Integrable systems, moduli spaces and spectral geometry

可积系统、模空间和谱几何

• 批准号: RGPIN-2015-03827
• 负责人: Korotkin, Dmitry
• 金额: $ 3.02万
• 依托单位: Concordia University
• 依托单位国家: 加拿大
• 项目类别: Discovery Grants Program - Individual
• 财政年份: 2019
• 资助国家: 加拿大
• 起止时间: 2019-01-01 至 2020-12-31
• 项目状态: 已结题
• 来源: https://www.nserc-crsng.gc.ca/ase-oro/Details-Detailles_eng.asp?id=688414
• 关键词: Integrable; systems; moduli; spaces; spectral

The goal of the proposed research is to apply methods originating in the theory of integrable systems (Riemann-Hilbert problems, tau-functions) to  moduli spaces, classical gravity and spectral geometry. In the area of moduli spaces we are going to address the following problems: analytical derivation of relations between various cohomology and homology classes (Witten cycles) on moduli spaces of Riemann surfaces; understanding of the "wall-crossing" behaviour of tau-functions on moduli spaces of quadratic and n-differentials on Riemann surfaces, and their transformation under the pentagram moves; application to Hodge integrals. This should help also to further elucidate the role of cluster algebras in the theory of moduli spaces. In the area of classical gravity the main goal is to find a periodic analog of Kerr solution; analytically such solution should corresponds to an infinite chain of solitons of Ernst equation.  In the area of spectral geometry we hope to develop a mathematically rigorous theory of determinants of Laplace operators in arbitrary flat metrics over Riemann surfaces with cylindrical outlets and study extremal problems for determinant of Laplacian in presence of conical singularities.
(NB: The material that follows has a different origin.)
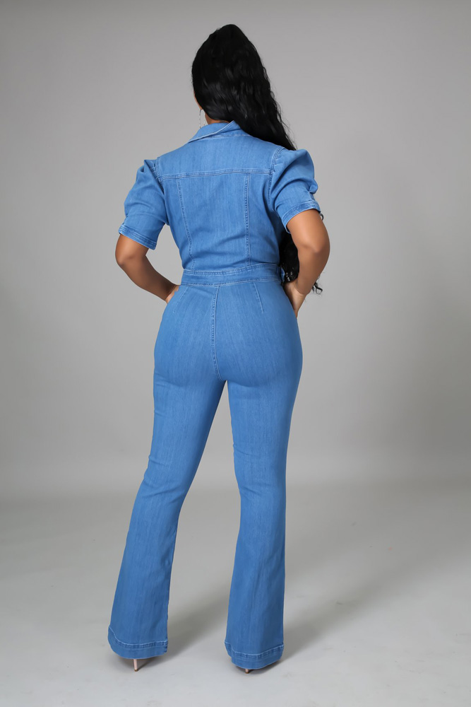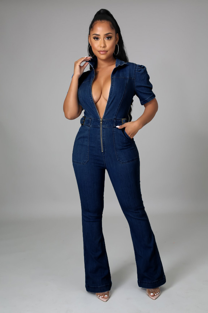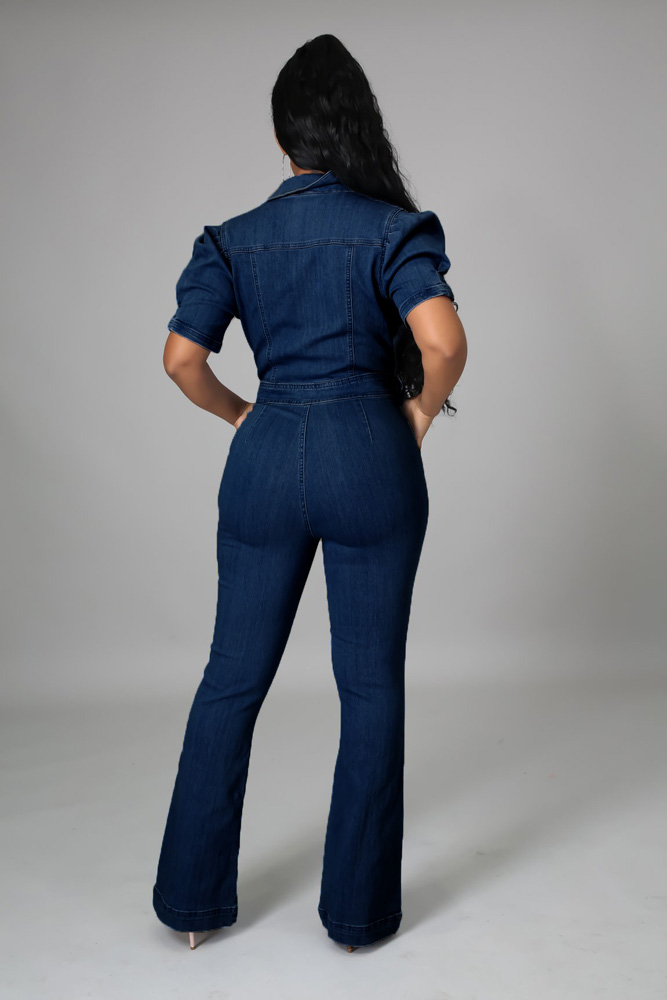 Autumn Denim Overalls Sexy Women Turn Down Bodycon Jeans Casual Straight Romper Jumpsuit

提出的研究目标是将可积系统理论（黎曼-希尔伯特问题，tau函数）中的方法应用于模空间，经典重力和光谱几何。在模空间中，我们将讨论以下问题：黎曼曲面模空间上各种上同调和同调类（Witten环）之间关系的解析推导；黎曼曲面上二次和n阶微分模空间上tau函数的“过壁”行为及其在五角形运动下的变换；霍奇积分的应用。这也将有助于进一步阐明簇代数在模空间理论中的作用。在经典引力领域，主要目标是找到克尔解的周期模拟；解析上，这种解对应于恩斯特方程的无限孤子链。在光谱几何领域，我们希望发展具有圆柱出口的黎曼曲面上任意平坦度规拉普拉斯算子行列式的数学严谨理论，并研究圆锥奇点存在下拉普拉斯算子行列式的极值问题。